Golang channels are great uni-directional message passing tools.We use them in our agent code for message passing, message broadcasting, and worker queues. They don’t have to be closed, are automatically cleaned by GC, and are simple to make:
numSlots := 5
make(chan int, numSlots)
You can send any one thing through that channel. You can make them synchronous, asynchronous, or give them multiple readers that listen to those channels and do something with it.
Unlike queues, a channel can be used to broadcast a message. The most common message we broadcast in our code is shutdown. When it’s shutdown time, we signal to all background goroutines that it’s time to clean up. There is only one way to signal to multiple listeners a single message using a channel - you must close the channel. Here’s a watered-down version of our code:
package main
import (
"fmt"
"sync"
"time"
)
var shutdownChannel = make(chan struct{}, 0)

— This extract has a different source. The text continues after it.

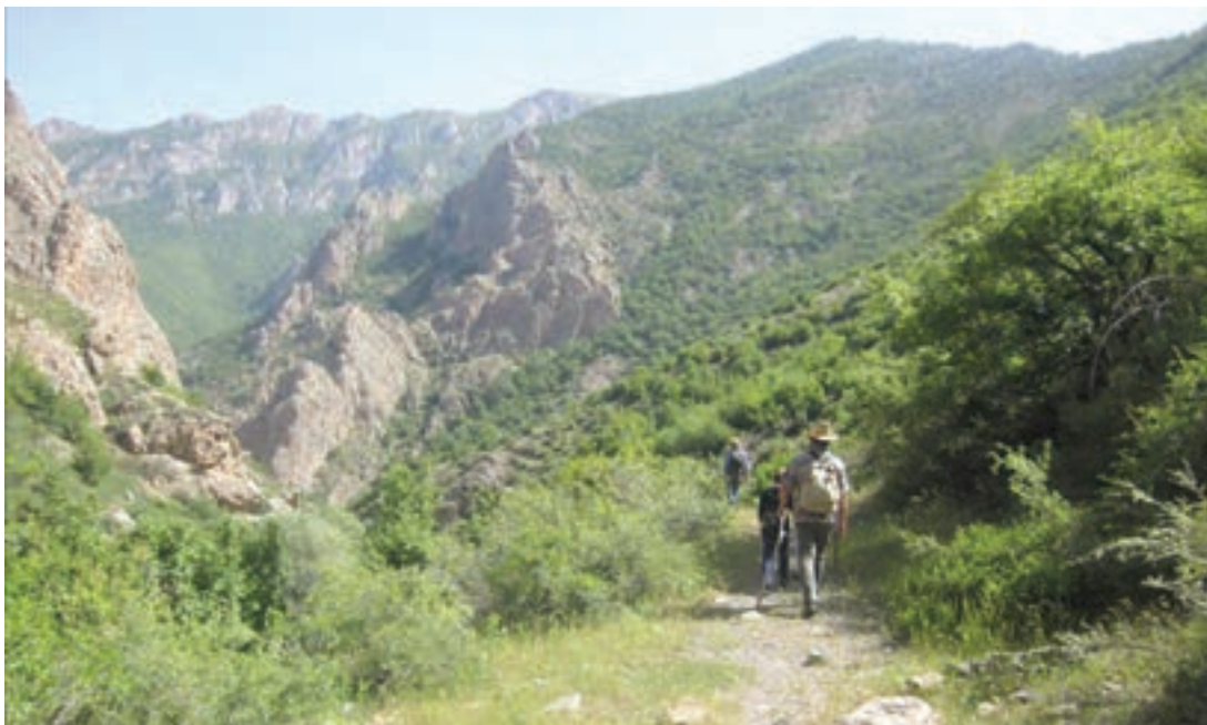
شکل ۱۶- منطقه رودبارک - سمنان

شاید درک ساده ای از بوم گردشگری تنها وقت گذرانی و انجام هر فعالیتی در طبیعت باشد. به طور مثال آيا شکار، آفرود* و موتورسواری بر روی رمل های بیابان، تاب بستن به درختان و تردد ماشین در جاده های جنگلی انبوه و دست نخورده می تواند نوعی از فعالیت های بوم گردشگری باشد؟

var wg = &sync.WaitGroup{}
func start() {
wg.Add(1)
go func() {
ticker := time.Tick(100*time.Millisecond)
for shutdown := false; !shutdown; {
select {
case <-ticker:
fmt.Println("tick")
case <-shutdownChannel:
fmt.Println("tock")
shutdown = true
}
}
wg.Done()
}()
}
func stop() {
close(shutdownChannel)
}
func wait() {
wg.Wait()
}
func main() {
start()
time.Sleep(time.Second)
stop()
wait()
}
We love the select
functionality in Go. It allows us to be responsive to interruptions while still doing important work. We use it pretty liberally for managing shutdown signals and timers (like the example above), reading from multiple data streams, and working with Go’s fsnotify package.
Panics and errors. These are the worst things about Golang, and worst by a longshot. First of all, let’s define what panics and errors are, because not every language deals with them.
According to a post on Go’s official blog,
Panic is a built-in function that stops the ordinary flow of control and begins panicking. When the function F calls panic, execution of F stops, any deferred functions in F are executed normally, and then F returns to its caller. To the caller, F then behaves like a call to panic. The process continues up the stack until all functions in the current goroutine have returned, at which point the program crashes. Panics can be initiated by invoking panic directly. They can also be caused by runtime errors, such as out-of-bounds array accesses.
In other words, panics kill your program when you’ve got a control flow problem.
There’s several ways to trigger a panic:
Calling a function a panic
Dividing by 0
Closing a channel that’s already closed
Mapping a non-existent attribute, such as Attribute = map["This doesn’t exist"]
An error, on the other hand, is a built-in type that represent values that can self-declare as strings. Here is the definition from the Go source code:
type error interface {
Error() string
}
Having that definition, here is the summary for why we hate having both errors and panics:
Errors were meant to avoid exception flow, panics nullify that purpose.
It’s enough in any language to have either errors or panics. The fact that some languages choose to have both is frustrating, to say the least. Go developers unfortunately threw their lot in with the wrong crowd by choosing both.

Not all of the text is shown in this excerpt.